Только это и бормочет все время забавный человечек, тщеславный, болтливый, вертящийся по утрам у нас в комнате. «Доктор, у меня бессонница… По-моему, лечение действует на меня возбуждающе». «Так и должно быть!» «Доктор, меня все время ко сну клонит… Наверно, это от вод». «Так и должно быть!» А вот он должен поскорее обойти пациентов, чтобы еще до десяти часов попасть в свой кабинет, в эту крошечную коробочку для мушек, которая не вмещает всех больных, и они толпятся на лестнице до самых нижних ступенек, до тротуара. Поэтому он не задерживается и второпях пишет рецепт, не переставая вертеться и подпрыгивать, как больной «на реакции» после ванны.
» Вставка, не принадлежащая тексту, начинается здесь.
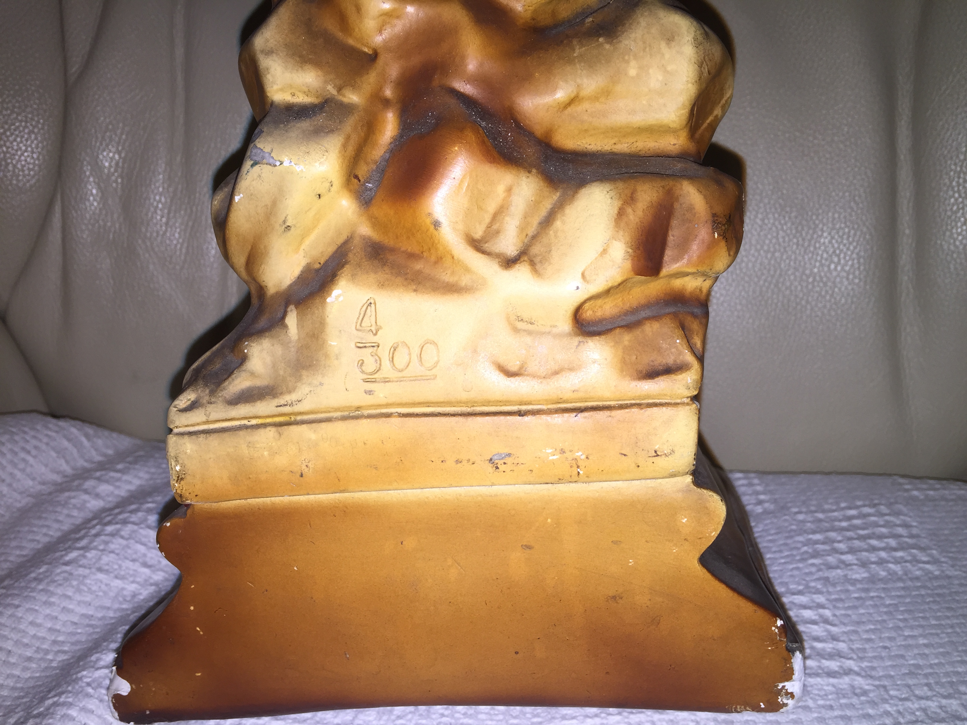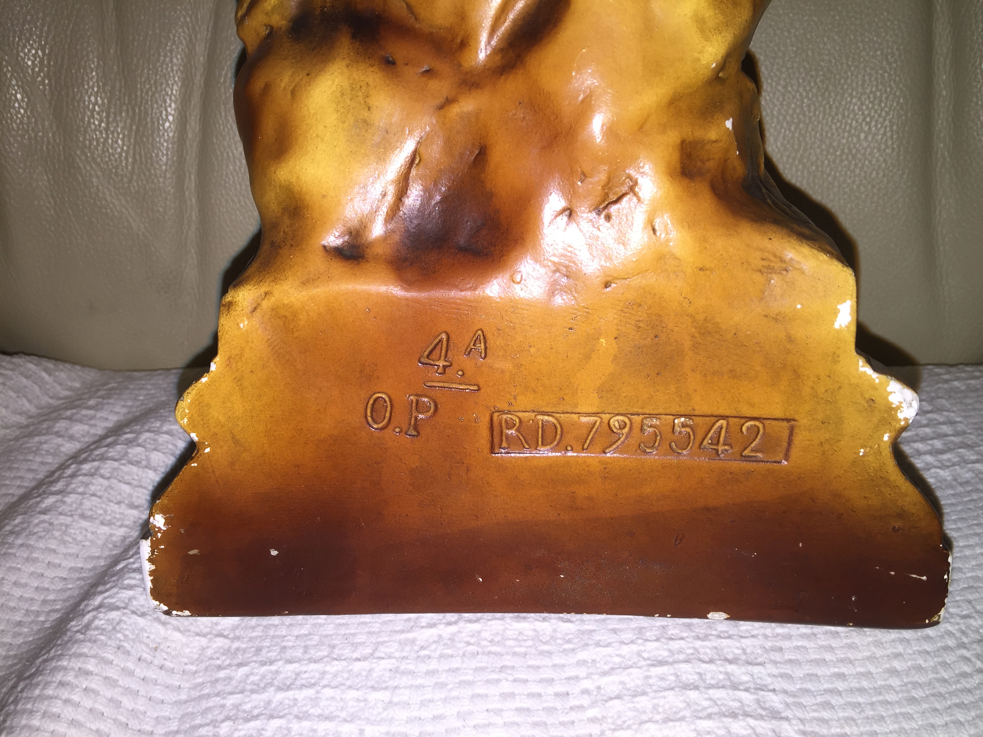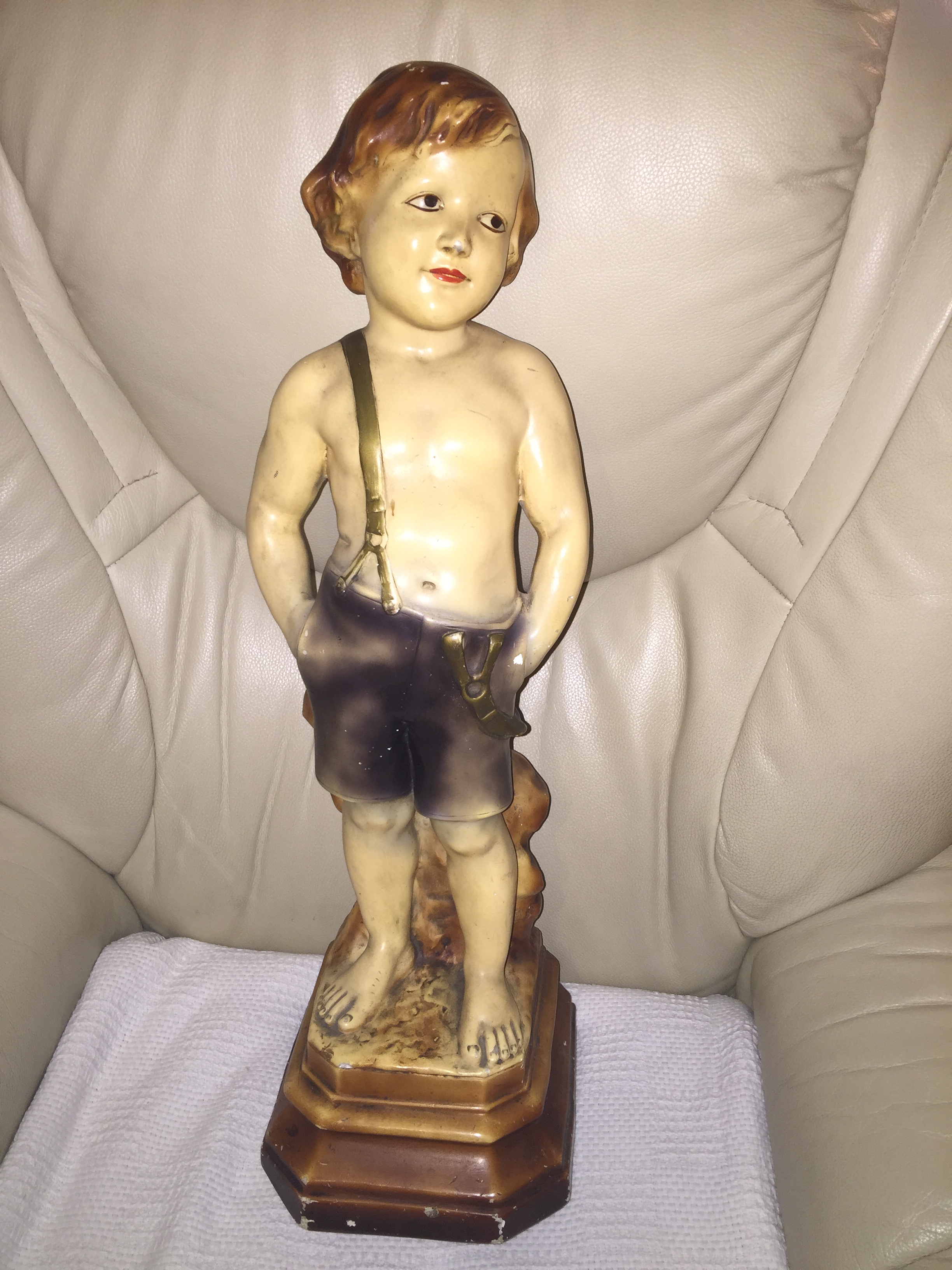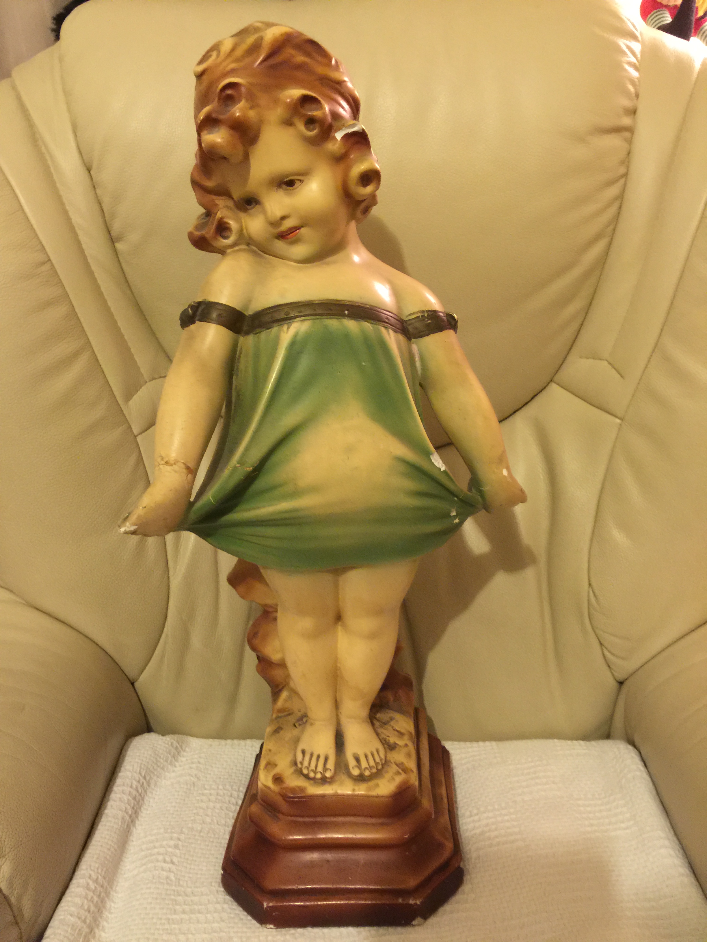 A pair of moulded plaster figures 24" tall, very old, damage on both.  Think they might be called The Shy Girl and the Shy Boy.  some letters on the back of both figures.  Rd 795542
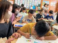 本日の朝の「スキルタイム」では、お兄ちゃん先生が大活躍です。2年生の図工では、卵から生まれる世界を楽しく表しています。6年生の理科では、食べ物の元をたどって行き着く生物は何かを話し合っています。

Ох уж эта «реакция»! Тоже целая история. Я не принимаю ни ванн, ни душей, и «реакция» мне не нужна. Но иногда я добрые четверть часа простаиваю под липами в парке и наблюдаю за всеми этими людьми, которые с сосредоточенным видом прохаживаются широким, мерным шагом взад и вперед, не произнося ни слова при встречах друг с другом. Мой старый господии из ингаляционного зала, тот, что строит глазки фонтану, проделывает и это упражнение с той же добросовестной пунктуальностью. У входа в аллею он останавливается, закрывает свой белый зонт, опускает воротник, смотрит на часы — и марш! Ноги ступают твердо, локти прижаты к телу — раз, два! раз, два! — до длинной светлой полосы, пересекающей темную аллею в том месте, где не хватает одного дерева. Дальше он не идет, три раза поднимает руки над головой, словно вытягивает гири, потом возвращается таким же аллюром, опять поднимает руки, и так пятнадцать раз подряд. Наверно, отделение для буйных в Шарантоне[32] смахивает на то, что представляет собой моя аллея около одиннадцати утра.
6 августа.
Значит, это правда. Нума приедет проведать нас. Как я рада, как я рада! Твое письмо пришло с почтой, которую доставляют в час дня и раздают в конторе гостиницы. Это торжественная минута, от нее зависит, в какой цвет будет окрашен день. В конторе полным-полно народу, все располагаются полукругом, в центре которого — толстая г-жа Ложерон, весьма внушительная в своем синем фланелевом капоте. Наставительным, слегка жеманным тоном бывшей компаньонки она возглашает пестро звучащие имена тех, кому адресованы письма. Каждый приближается по вызову, и должна тебе сказать, что толстая пачка писем льстит самолюбию получателя. Но что только не льстит самолюбию тщеславных и недалеких людей, находящихся в непрерывном общении друг с другом! Представь себе: я почти горжусь своими двумя часами ингаляции!.. «Князь Ангальтский… Г-н Вассер… Мадемуазель Ле Кенуа…» Разочарование: для меня всего-навсего модный журнал. «Мадемуазель Ле Кенуа…» Смотрю, нет ли еще чего — нибудь, бегу с твоим драгоценным письмом в самую глубь сада и опускаюсь на скамейку, скрытую от постороннего взора могучим ореховым деревом.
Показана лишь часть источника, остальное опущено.